The Sony Playstation 3 game Little Big Planet showcases the simple pleasures of coordinated action with an elegant set of design choices. Launched in 2008, the game was in its third release, in 2014, and still going strong. Little Big Planet is a puzzle-platformer, a game genre in which player avatars solve physical puzzles in a two-dimensional world of platforms. The avatars can take a simple set of actions—running, jumping, pushing, and pulling—in a world seemingly made of fabric and paper. While the game’s look and feel resemble a child’s craft project, its sophisticated physics engine makes objects behave more realistically than in other platformer games (e.g., an object sliding down a hill will gain speed until it collides with something or the slope changes).

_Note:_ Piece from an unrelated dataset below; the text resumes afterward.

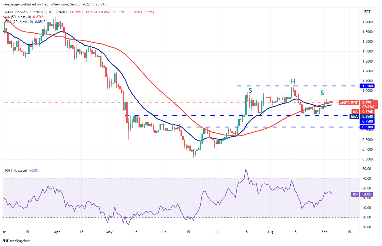 Polygon (MATIC) has been range-bound between $1.05 and $0.75 for the past several days. Although bulls pushed the price above the 50-day SMA ($0.88) on Sept. 1, they have not been able to build upon this strength. This indicates that demand dries up at higher levels.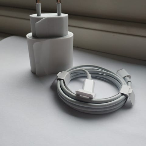 Apple lader i hvit farge. Rund ladeplate med fastmontert kabel og USB‑C‑kontakt. Egnet som trådløs lader til kompatible Apple-enheter som støtter denne typen lading. Kabelen gir tilkobling til strømforsyning eller annen kompatibel USB‑C-strømkilde.

Players build avatars from a simple base body referred to as “Sackboy,” decorating these simple bodies with costuming elements and “stickers.” In an unusual twist, Little Big Planet lets players puppet the avatar’s face and body to convey emotions. Players can adjust the character’s happiness, fear, sadness, and anger using the Directional pad on the controller. Trigger buttons and tilt controls let players move, gesture, and even slap other players’ avatars.

The avatar customization tools and expression controls make these characters feel like handcrafted puppets that the player is both operating and inhabiting in the game world. Unlike the Sims, sack creatures never speak—they express themselves only through their broad body language and facial expressions (not unlike comic silent film actors). The game’s physics allow for physical antics and complex physical puzzle solving that make the avatars feel expressive and realistic to players despite their simplified bodies.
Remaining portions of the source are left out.